# Jigsaw Toxicity: Word2Vec+TFIDF Training
## Table of Contents
* [1. Overview](#1.)
* [2. Configuration](#2.)
* [3. Setup](#3.)
* [4. Import datasets](#4.)
* [5. EDA & Preprocessing](#5.)
    * [5.1 Select trainng data](#5.1)
    * [5.2 Text Preprocessing Function](#5.2)
    * [5.3 TF-IDF Vectorization](#5.3)
    * [5.4 Word2Vec Vectorization](#5.4)
    * [5.5 Train Validation Split](#5.5)
    * [5.6 Create TensorFlow Dataset](#5.6)
    * [5.7 Calculate Class weight](#5.7)
* [6. Model Development](#6.)
    * [6.1 FNet Encoder](#6.1)
    * [6.2 Positional Embedding](#6.2)
    * [6.3 Word2Vec FNet Model](#6.3)
    * [6.4 TFIDF DNN Model](#6.4)
    * [6.5 The Whole Model](#6.5)
    * [6.6 Model Training](#6.6)
    * [6.7 Evaluation](#6.7)
* [7. Submission](#7.)
* [8. References](#8.)

<font color="red" size="3">If you found it useful and would like to back me up, just upvote.</font>

<a id="1."></a>
## 1. Overview
In my previous notebooks, I build Jigsaw Toxicity Model with [FNet](https://www.kaggle.com/lonnieqin/jigsaw-toxicity-training-with-fnet) using Word2Vec Vectorizatoin and [DNN](https://www.kaggle.com/lonnieqin/tf-idf-vectorization-with-keras) using TFIDF Vectorzation. How about combining this two Models together?

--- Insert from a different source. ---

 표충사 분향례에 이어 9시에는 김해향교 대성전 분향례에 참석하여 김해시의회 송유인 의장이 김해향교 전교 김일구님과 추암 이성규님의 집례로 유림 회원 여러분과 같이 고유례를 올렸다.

I will try it in this notebook.

This Model is a binary classfication Model, ranking of toxicity can be calcualated via probability of binary classficiation.

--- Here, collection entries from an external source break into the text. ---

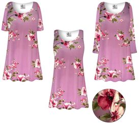 NEW! Beautiful Customizable Plus Size & Supersize Romantic Mauve Roses Slinky Tops Tunics Tanks Blouses 1x - 9xIntroducing our stylish and versatile "Romantic Mauve Roses" Plus Size A/Line or Princess Cut Tops, perfect for any occasion. Made with high-quality lightweight ITY Slinky in a Black & White print, these tops are designed to fit and flatter women of all sizes and shapes. We specialize in plus size clothing for women, and we're proud to offer sizes ranging from small to plus size 9x, as well as length options of long, short, or sleeveless.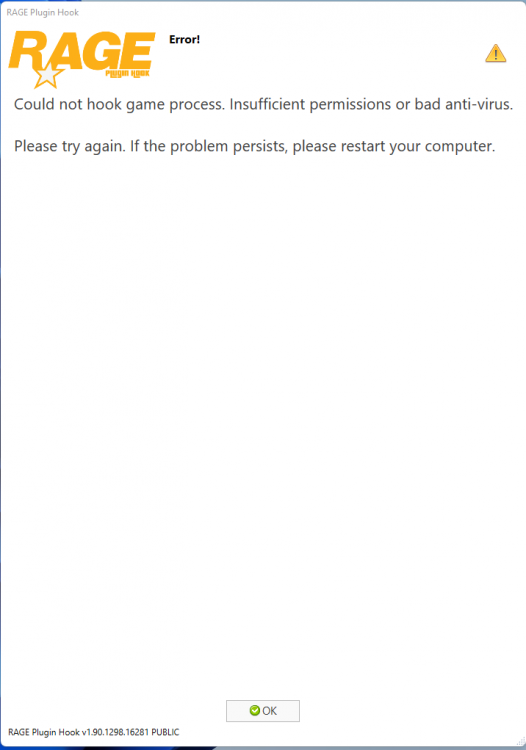 For the last hour i have tried to play lspdfr, But i constantly get the error "could not hook game process" within the first 5 seconds of gta starting.
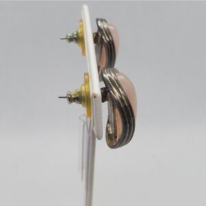 Vintage rose quartz and silver colored earrings.
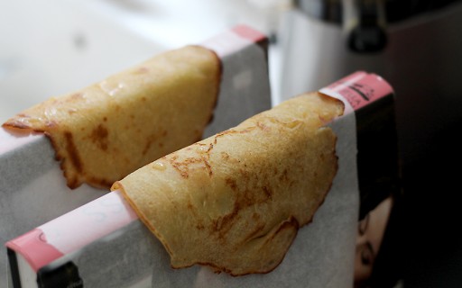 Nu komt de truc: voorzichtig haal je met een grote spatel (of met je handen, als je vuurvaste vingers hebt) de pannenkoek uit de pan en drapeer je deze over het boek heen, zodat er een taco-vorm ontstaat.

I use dataset from [Toxic Comment Classification Challenge](https://www.kaggle.com/c/jigsaw-toxic-comment-classification-challenge) and combine with more toxic data in this dataset for training.

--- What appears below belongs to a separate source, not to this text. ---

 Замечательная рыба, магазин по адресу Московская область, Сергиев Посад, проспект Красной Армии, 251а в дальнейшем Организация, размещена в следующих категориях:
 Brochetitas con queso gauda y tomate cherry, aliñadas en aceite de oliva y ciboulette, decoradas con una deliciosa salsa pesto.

I will keep track of three Model: Model with Best Accuracy, Model with Best AUC, and Latest Model. So I can use them for inference and try different ensemble method to get a better score.

<a id="2."></a>
## 2. Configuration

In [None]:
class Config:
    vocab_size = 15000 # Vocabulary Size
    sequence_length = 100 # Length of sequence
    batch_size = 1024
    validation_split = 0.15
    embed_dim = 256
    latent_dim = 256
    epochs = 50 # Number of Epochs to train
    best_auc_model_path = "model_best_auc.tf"
    best_acc_model_path = "model_best_acc.tf"
    lastest_model_path = "model_latest.tf"
config = Config()

<a id="3."></a>
## 3. Setup

In [None]:
import pandas as pd
import tensorflow as tf
import pathlib
import random
import string
import re
import sys
import numpy as np
from tensorflow import keras
from tensorflow.keras import layers
import os
import sklearn
import seaborn as sns
from sklearn.model_selection import train_test_split
from nltk.tokenize import TweetTokenizer 
from nltk.stem.porter import PorterStemmer
from nltk.stem import WordNetLemmatizer
from tensorflow.keras.preprocessing.sequence import pad_sequences
from scipy.stats import rankdata
import json

<a id="4."></a>
## 4. Import datasets

In [None]:
validation_data = pd.read_csv("/kaggle/input/jigsaw-toxic-severity-rating/validation_data.csv")
validation_data.head()

In [None]:
train = pd.read_csv("../input/jigsaw-toxic-comment-classification-challenge/train.csv")
train.head()

<a id="5."></a>
## 5. EDA & Preprocessing

<a id="5.1"></a>
### 5.1 Select Traning Data

One of the way is to label `less_toxic` as 0 and `more_toxic` as 1, and FNet can get 0.749 score. I tried grouping the duplicated comment together and replace the label with average value, but got a worse 0.49 score instead. I also tried to convert the average value to a class value, but still can't learn any important information from it. So I am going to keep every variable we may use in the future to a data table.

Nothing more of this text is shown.